Tal vez, uno de los errores más llamativos sea la traducción de la jerarquía de cada uno de los Tres Investigadores, que en vez de referirse a ellos como primer, segundo o tercer investigador lo hace con la fórmula investigador primero, segundo tercero, lo cual suena rarísimo. Este error es muy manifiesto que se aprecia en la tarjeta de negocios que aparece en el Misterio del león nervioso.
También emplea palabras que no aparecen en la R.A.E., algunas de ellas son:
-
- Conductriz (pg. 5, vol 21 de Gráficas Pérez)
- Derechohabiente (pg. 55, vol 21 de Gráficas Pérez)
Expresiones, que aunque no estoy seguro de si se trata de ncorrecciones gramaticales, desde luego no suenan nada bien:
-
- Que valga la pena de llevárselo
- Su casa ésta, me fascina
- Debieron verlo y saberlo personas incontables
- Oye, que acabamos de principiar
- Conduzcanos hasta la casa ésa abandonada.
- Secuestrado en la casa aquélla
En el Misterio del espejo embrujado utilizará la palabra harto hasta la saciedad: harto pequeño, harta frecuencia, harto conocido, harto adornado, harto razonable, harto bien, harto interesante…
Los buenos traductores
A pesar de los problemas de coherencia y calidad que caracterizaron el trabajo de los dos primeros traductores, la serie también contó con magníficos profesionales que realizaron una estupenda adaptación al español de los textos originales.

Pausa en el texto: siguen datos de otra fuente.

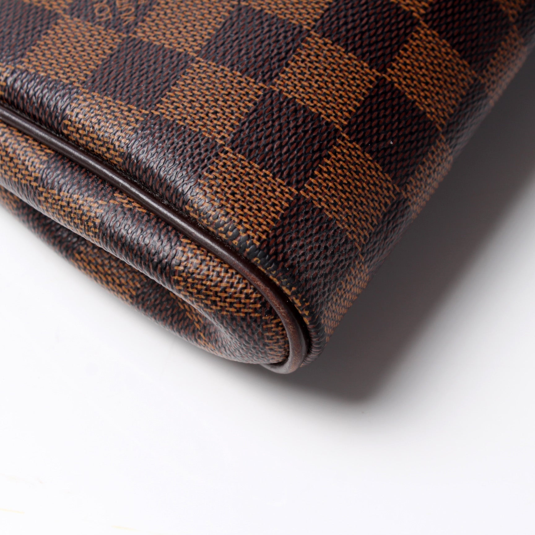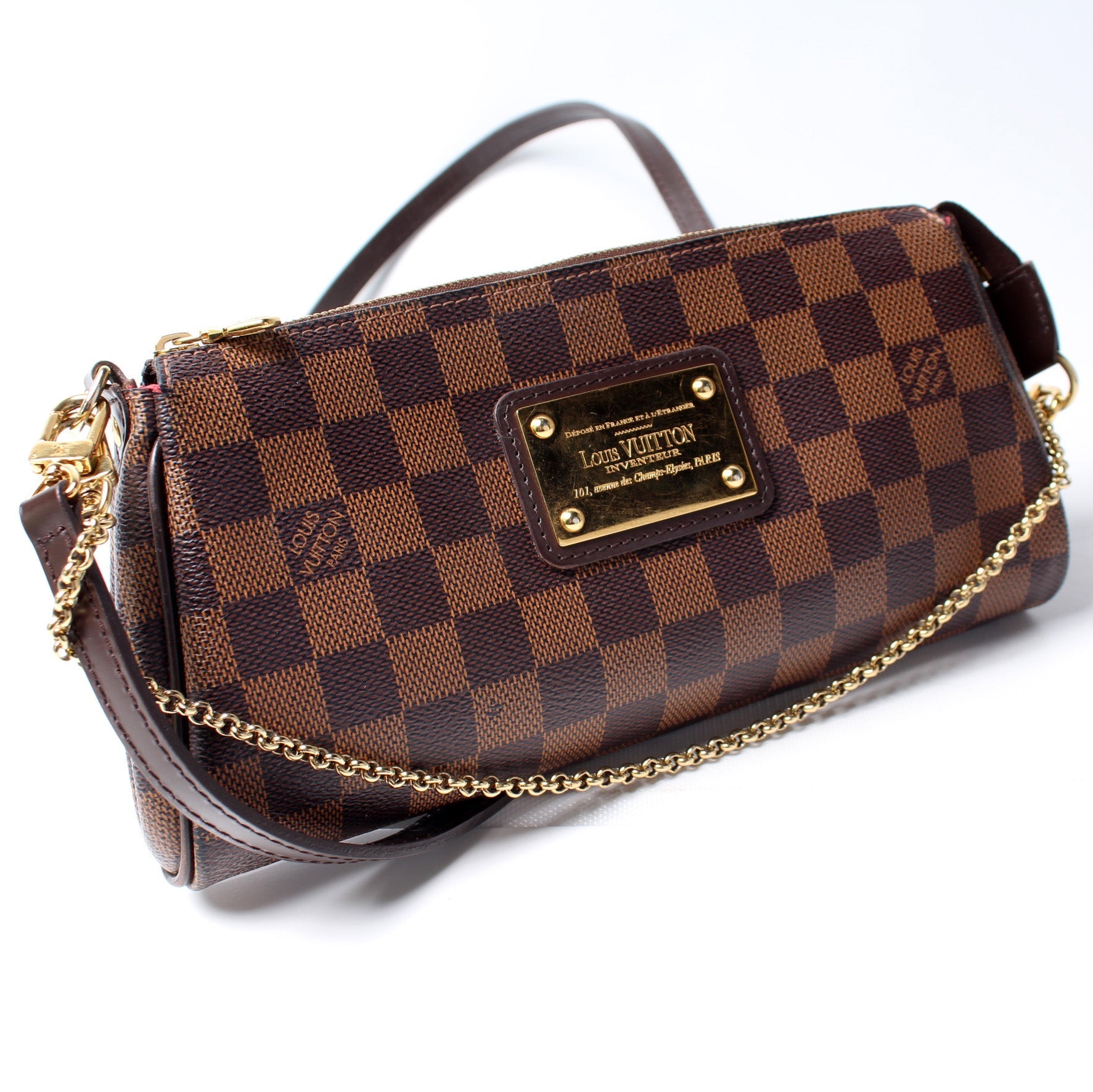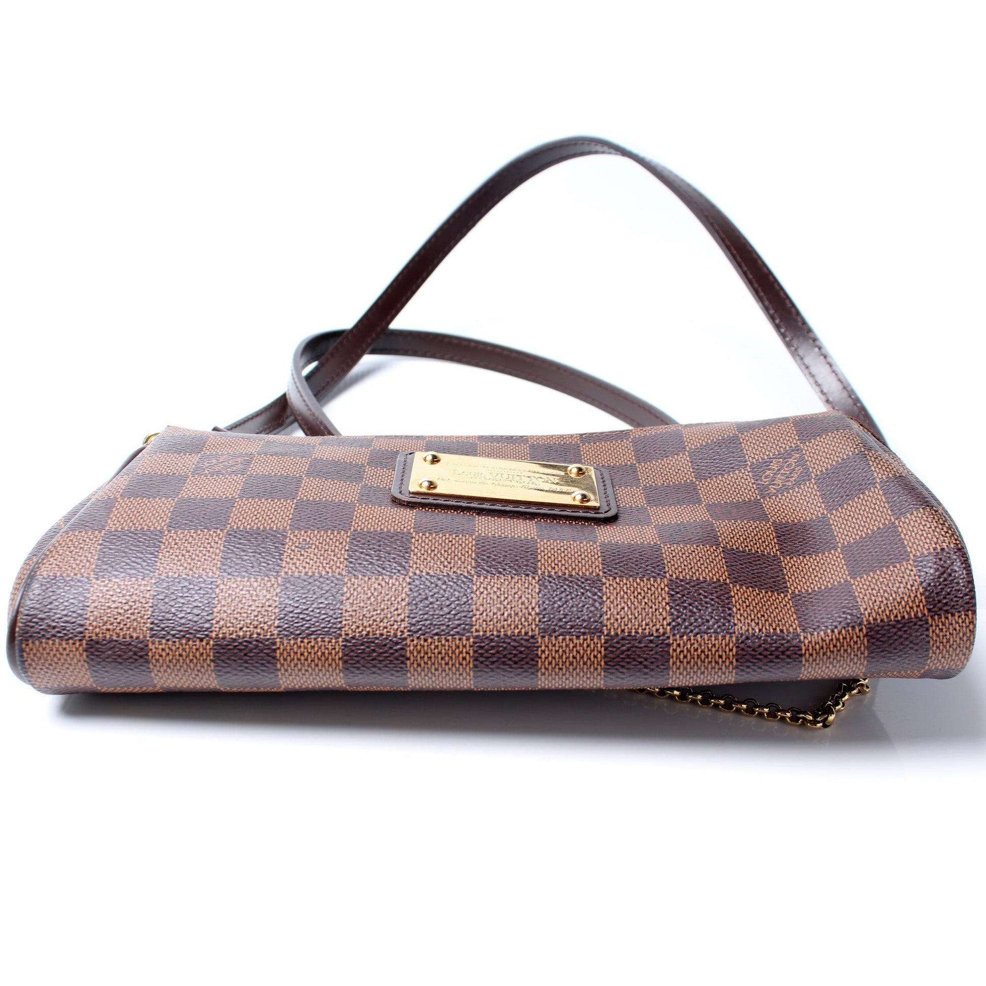 This Louis Vuitton Eva Clutchis eye catching bag. The exterior is in the classic Louis Vuitton Damier Ebene coated canvas.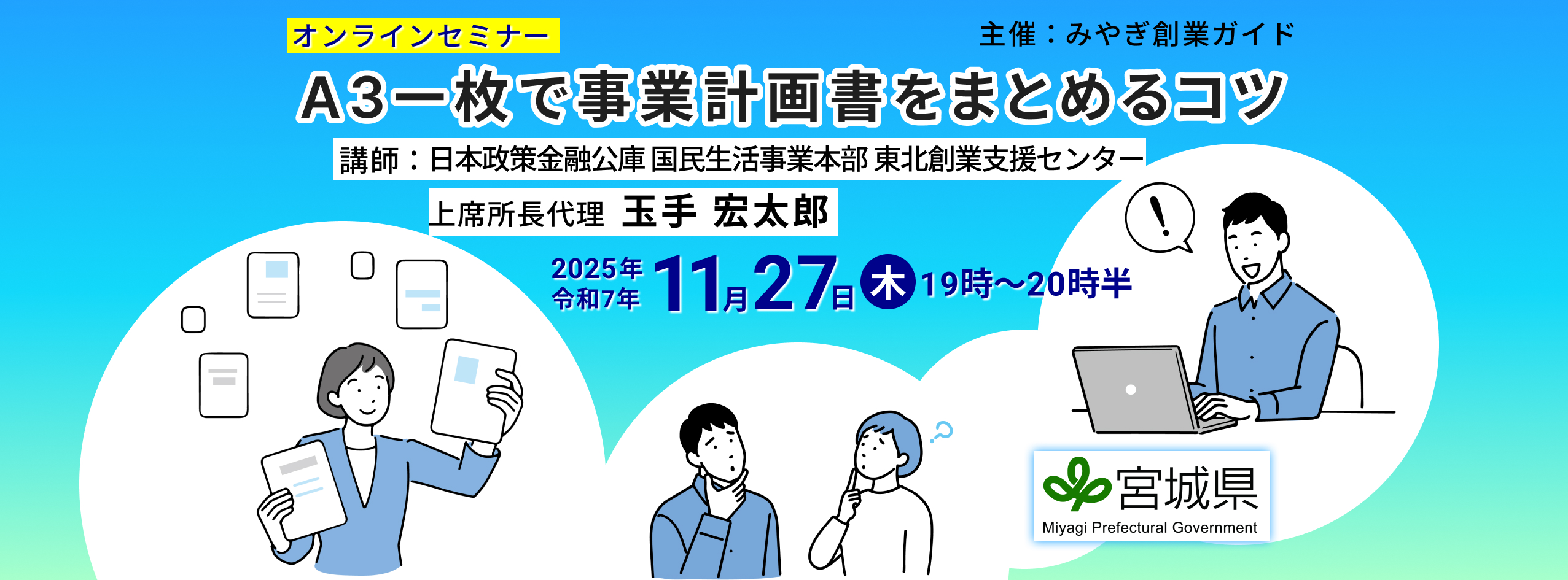 対象:宮城県内で創業を目指す方・融資相談を検討している方

Gracias a su sensibilidad, muchos diálogos fluyen con naturalidad, logrando que los personajes resulten cercanos y creíbles para los lectores. Sin embargo, ese buen hacer individual no llegó a consolidarse en una línea común. La ausencia de un criterio unificado a la hora de traducir elementos identitarios —nombres propios, lugares clave o fórmulas recurrentes— impidió que ese talento se tradujera en una experiencia homogénea. Así, incluso las mejores traducciones quedaron en cierto modo aisladas dentro de un conjunto irregular, donde la falta de coordinación terminó pesando más que los aciertos puntuales.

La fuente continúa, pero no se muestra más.